Kabar24.com, WASHINGTON -- Lewat sentuhan sarkasme, calon presiden Hillary Clinton mengejek calon presiden dari Partai Republik Donald Trump karena temperamennya.
Selama pidato kebijakan luar negerinya Kamis lalu Clinton meluncurkan serangan terberatnya melawan Trump di salah satu pidato kampanye dengan fokus pada temperamen Trump.
"Tidak sulit untuk membayangkan Donald Trump memimpin kita ke dalam perang hanya karena seseorang mengganggu kulit tipisnya,"kata Hillary
Trump secara terang-terangan menunjukkan permusuhan dengan lawan partainya dan mengkritik bahwa ia akan melakukan hantaman yang bahkan lebih keras atas serangan politik atau laporan berita tak menyenangkan.
Menurut daftar yang disusun oleh The New York Times, di Twitter Trump telah menghina setidaknya 210 orang, tempat dan hal-hal sejak mendeklarasikan pencalonan presidennya Juni lalu, dan daftar itu belum termasuk sasaran penghinaan Trump yang disiarkan pada tv kabel
"Apakah kita ingin dia membuat panggilan itu? Seseorang berkulit tipis dan cepat marah yang mengeluarkan caci-maki bahkan pada kritik terkecil Apakah kita ingin jarinya di dekat tombol," tanya Clinton.

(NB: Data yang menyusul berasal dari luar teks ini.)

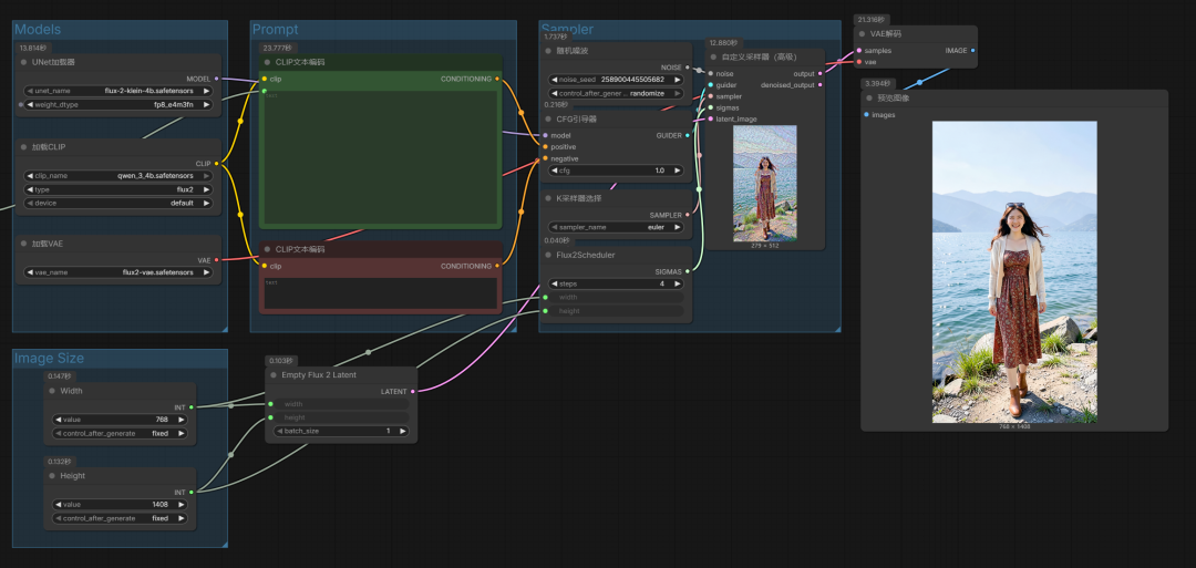 FLUX.2 [klein] 的部署非常直观,支持原生的节点流。更新下comfyUI最新版本。

Clinton pada pidatonya membuat sindiran tentang keadaan psikologis Trump. Menggambarkan Trump sebagai "temperamental tidak layak" untuk presiden AS
"Saya tidak mengerti daya tarik aneh Donald terhadap diktator dan laki-laki yang kuat yang tidak memiliki cinta untuk Amerika," kata Clinton, merujuk pujian masa lalu Trump untuk Presiden Rusia Vladimir Putin dan kata-kata Trump akan berbicara dengan Presiden Korea Utara Kim Jong Un jika terpilih.
"Saya akan menyerahkan kepada psikiater untuk menjelaskan mengapa dia begitu memuja tiran," katanya.

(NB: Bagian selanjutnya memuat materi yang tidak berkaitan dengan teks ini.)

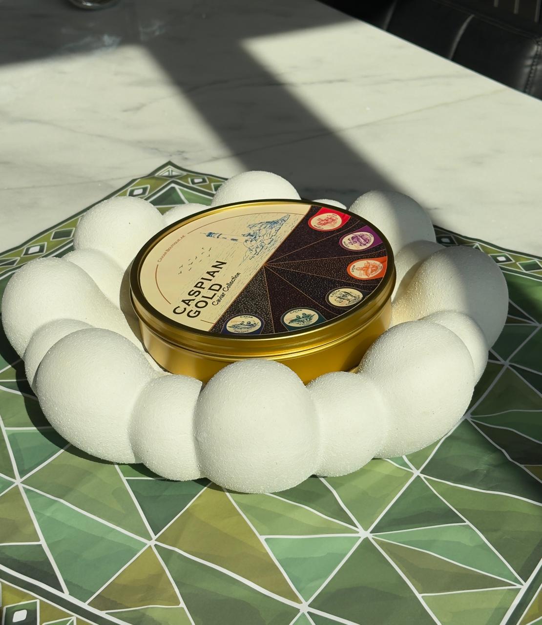 Elegant shell-shaped serving bowl designed for refined caviar and seafood presentation. Its sculptural textured surface adds a luxurious visual accent and elevates any table setting. With a 35 cm diameter and 11 cm height, it is perfectly sized for ice displays and premium event styling, creating a sophisticated focal point for private dinners and exclusive receptions.

Menanggapi pernyataan Clinton, Trump menyebut pidato tersebut sebagai "pidato kebencian."
"Jika orang ingin menang, mereka membutuhkan temperamen seperti saya. Jika orang ingin stagnan dan turun, mereka membutuhkan temperamen yang mudah bengkok seperti Hillary,” kata Trump pada hari Kamis dalam sebuah wawancara dengan The Wall Street Journal.
Menurut jajak pendapat Wall Street Journal / ABC News yang dirilis pada bulan Mei, mayoritas orang Amerika berpikir Clinton akan lebih baik daripada Trump untuk menangani kebijakan luar negeri.
"Sebagai Menteri Luar Negeri dan mantan ibu negara, saya mendapat kehormatan untuk mewakili Amerika di luar negeri dan membantu membentuk kebijakan luar negeri kita dari rumah," kata Clinton.
"Dan saya telah duduk pada posisi yang menyarankan presiden pada beberapa pilihan terberat yang dihadapinya," tambahnya.
Meskipun dia mencatat perannya dalam membantu membentuk kebijakan luar negeri AS di tahun-tahun terakhir, Clinton tidak menyebutkan perannya dalam partisipasi AS pada pemboman NATO terhadap perang Libya pada 2011 perang yang menyebabkan negara Afrika Utara sebagai negara gagal dan surga teroris.